Frente a esta deriva, resulta imprescindible reclamar transparencia y concreción en el discurso público. Todo adversario real deja huellas: nombres, documentos, recursos. Exigir esos datos no es un capricho académico, sino una defensa de la democracia, pues sólo con información verificable puede el ciudadano discernir entre realidad y fantasía. Asimismo, fomentar la educación mediática y los espacios de encuentro plurales ayuda a reconstruir la confianza social. El desacuerdo, lejos de ser un síntoma de debilidad, es una pieza esencial del debate democrático: reconocerlo como tal y tratarlo con respeto es el antídoto contra la tentación autoritaria que acompaña al miedo a lo desconocido.

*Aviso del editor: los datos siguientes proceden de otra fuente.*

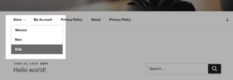 If products in your store are divided into categories, you can show store categories in the drop-down of the website menu. This will improve your website navigation and will help customers find products faster.

En última instancia, el “enemigo invisible” no es más que un fantasma que prospera en el vacío de la razón. Desenmascararlo requiere arrojarle luz, dialogar sin temor a la discrepancia y anclar el debate político en hechos contrastados. Sólo así dejaremos de alimentar fantasmas y podremos construir una sociedad capaz de enfrentar sus verdaderos desafíos, sin distracciones conspirativas.
El partido de Pedro Sánchez lleva cerca de un año apelando a ese “enemigo intangible”. El paralelismo con el franquismo no es exacto, pero el quitarse la responsabilidad de encima echando el fango sobre el contrario (real o imaginario), además apelando a hechos del pasado, no es más que la demostración de que el sanchismo en el PSOE está en sus estertores, por más que se escriba una carta diaria a la militancia, como un adolescente de los 80 al rollete del verano, redactada dentro o fuera de la sauna.